In the relatively brief memorial from Shunzhi 13 mentioned above, the Manchu portion appears to include all of the content of the Chinese, including a few verbal exchanges between the officials overseeing the case and the accused. The case involved one Shi Si, who had killed another man, Qu Si, after the latter had propositioned him for sex. In the Chinese text, in response to the official’s question regarding why he committed the murder, Shi Si answered, “Because Qu Si bullied me, saying that he wished to sodomize me, I was furious and used a brick to hit him hard at the base of the ear so that he died” (因屈四欺我說要鷄姦我我心惱怒用磗將他耳根打重身死). While the Manchu rendition of this testimony is essentially the same, rather than translate jijian 鷄姦 directly as “sodomize,” in the Manchu text, Shi Si’s testimony reads, “Qu Si ridiculed me, saying that he wished to go to bed with me. At this, I grew angry and, taking a brick, I hit him, striking him at the base of the ear so that he died” (kioi si mimbe kederšeme deduki seme hendure jakade, bi jili banjifi, feise jafafi tantaha de, šan i da gūwaifi bucehe).1 All of the Chinese language references to the act of sodomy in routine memorials that I have read use the term jijian 鷄姦 or simply jian 姦. This use of slightly different language in the Manchu text to describe the act of sodomy is repeated in some of the other memorials I have examined, with different terms sometimes used in the same memorial. For instance, the Manchu text of another Shunzhi period memorial involving the attempted rape of a boy describes his assailant, Zhen Wenjin as “wishing to go to bed [with him]” (deduki sere), and also states that, previously, Wenjin “had been regularly going to bed with and making love to the boy, Xiao Zhou’er” (haha jui siyoo jeo el be dedume hajilahabihebi).2 However, the Manchu section of a memorial from Yongzheng 12 outlining the author’s recommended approach to cases involving the term jijian 雞姦 explicitly refers to the act as “sodomy” (buserembi), as does a memorial from Qianlong 8.3

To date, I have not encountered any Chinese language legal cases that describe male same-sex relations using terms such as “make love” or “go to bed with”.  It may be possible that the early Qing legal discourse, especially the Manchu language legal discourse, on sodomy and other crimes, was somewhat less well articulated and more fluid than it would later come to be. It seems that by the mid-18th century, Manchu references too had acquired greater uniformity as evinced by the use of “sodomy” (buserembi) in both the Yongzheng memorial mentioned above and the case from Qianlong 8. Of course, it is impossible to come to any solid conclusions on the basis of such a sparse set of examples.
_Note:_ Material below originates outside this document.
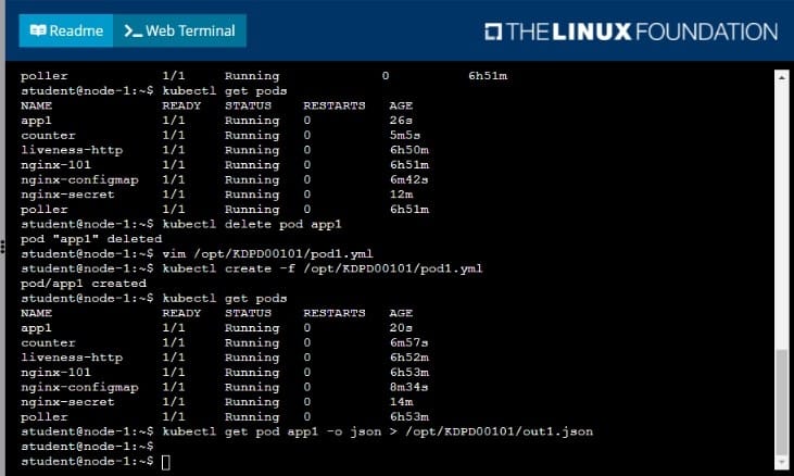 When the pod is running display summary data about the pod in JSON format using the kubect1 command and redirect the output to a file named /opt/KDPD00101/out1.json

While in most other respects, the Chinese and Manchu sections of these cases are very closely aligned, a memorial from Yongzheng 11 features other translation choices that mark relatively subtle but interesting differences. This case concerned two adult men, Zhou Bingwen and Sun Shiyong, who had met regularly and engaged in sexual intercourse before this arrangement was disrupted by Sun Shiyong’s pending marriage. When he became aware of the circumstances, Zhou Bingwen attempted to make the other man provide a written statement agreeing that their sexual relationship would continue. In the various Chinese language summaries provided in memorial, the act of writing such a statement is described in different ways, including as a “written pledge” (筆據) or as “setting down in writing” (立箇字) while the Manchu summary uses the term temgetu bithe, among the potential meanings of which are included “contract”, “receipt”, or “certificate”. Additionally, Zhou Bingwen is said, in the Chinese text, to have “feared losing their friendship” (恐失舊), while in the Manchu summary he is describing as having “feared lest what they did together should end” (ishunde yabure be lakcarahū seme).4

This brief examination indicates that there may be some interesting insights to be gained from reading Manchu as well as Chinese sections of routine memorials on legal cases. In general, the Manchu sections of these memorials are closely aligned with the Chinese, with the technical wording of various statutes and punishments, and even poetic metaphors and allusions translated directly into Manchu. For instance, a memorial from Shunzhi 10 regarding pardons and exemptions to be granted in light of continuing famine and natural disaster replicates the great majority of the evocative language of the Chinese word-for-word, to the point of reproducing highly specific metaphors and allusions including, for instance, one about how the distressed cries of the hungry resemble the plaintive calls of geese.5

However, the few examples I have mentioned here indicate that there were sometimes noteworthy differences in how Chinese and Manchu sections of memorials depicted testimony and other elements of legal cases. One might imagine that cases involving certain issues, such as fugitive slaves or offenses committed by banner people, might specifically merit closer attention to the Manchu language summaries. Additionally, it may prove illuminating to examine how Manchu summaries of cases translate certain concepts and practices deeply rooted in Han Chinese tradition, for instance attitudes towards sex as well as property rights and familial relations. Scholars might also consider how some of the specific language used in the Manchu sections of early Qing memorials might reflect distinctly Manchu attitudes. For instance, is the more neutral language that is used in the descriptions of sexual relations between two men in the Manchu case summaries from the Shunzhi period relative to the Chinese text indicative in any way of how such acts were regarded in 17th century Manchu society? Likewise, the use of the term temgetu bithe in the case from Yongzheng 11 is intriguing in its apparent reference to the phenomenon of regulating sexual relations, as well as other aspects of human relationships, through written agreements. Such practices were in fact widespread, especially among poorer Han commoners, during the Qing dynasty. Was the term temgetu bithe used in this instance only to convey the meaning of the Han practices? Does it refer to the existence or adoption by Manchus themselves, especially from lower social strata, of similar practices involving written agreements in the 18th century and after? Did a similar vocabulary exist in Manchu to discuss the wide range of situations that one finds in Chinese contracts on “people sales” (人口買賣)? These are interesting issues that would ideally be further investigated through the examination of a large set of cases involving lower-ranking Manchus themselves.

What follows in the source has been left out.